Semantic Segmentation of Plant Leaves from 3D Point Clouds using Deep Learning
In this project we aim to address the problem of semantically segmenting plant leaves from the background and other plant organs in three-dimensional point clouds of individual plants captured by RGBD sensors. Previous work utilises explicit prior knowledge about the expected plant morphology and sensor set-up, as well as manually tuned parameters to achieve this segmentation. Here we propose to train a supervised machine learning algorithm to predict the segmentation output directly from point cloud data and minimise the necessary user input.
4D Scene Analysis for Autonomous Operation of Mobile Robots on Farms
This research addresses challenges in 4D scene analysis for autonomous operation of mobile robots on farms.
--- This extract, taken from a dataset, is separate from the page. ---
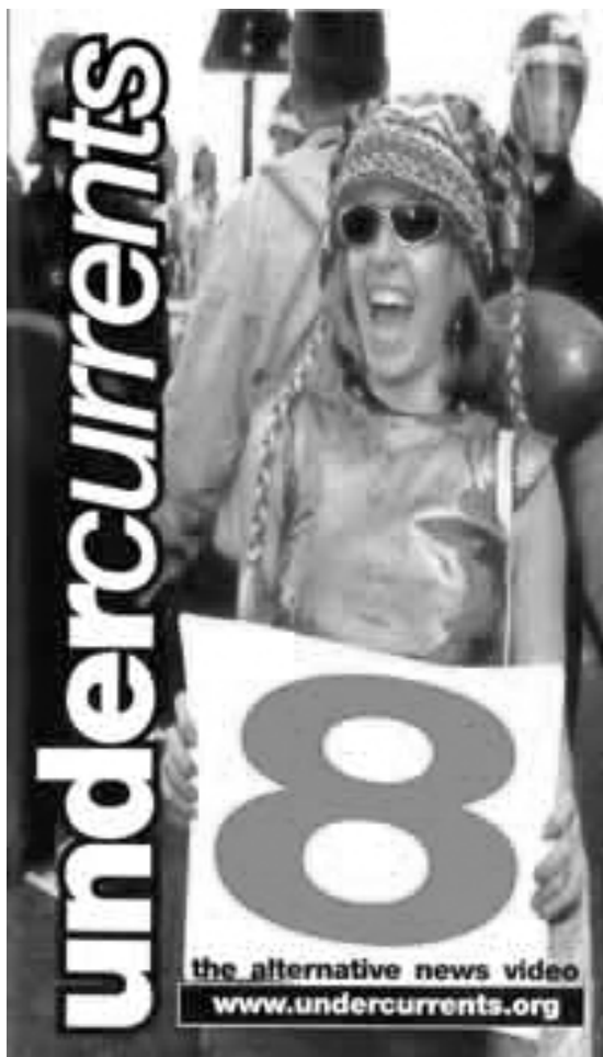
Okładka jednej z kaset VHS wydawanej przez kolektyw Undercurrents .

29. Thomas Harding, The Video Activist Handbook , Pluto Press, London.Chicago. Illinois, 1997, s. 9.

The deployment of agricultural robots will increase sustainability and support precision farming operations tuned to needs of individual plants. This research will enable robots to maintain precise 3D representations of uncertain and highly variable farm environments together with their semantics in order to safely traverse the farm autonomously, as well as to reconstruct structural representations of the crop. Additionally, registering these representations over time would allow for sustained crop monitoring and provide insight into spatio-temporal dynamics and interactions between the plants and environmental factors.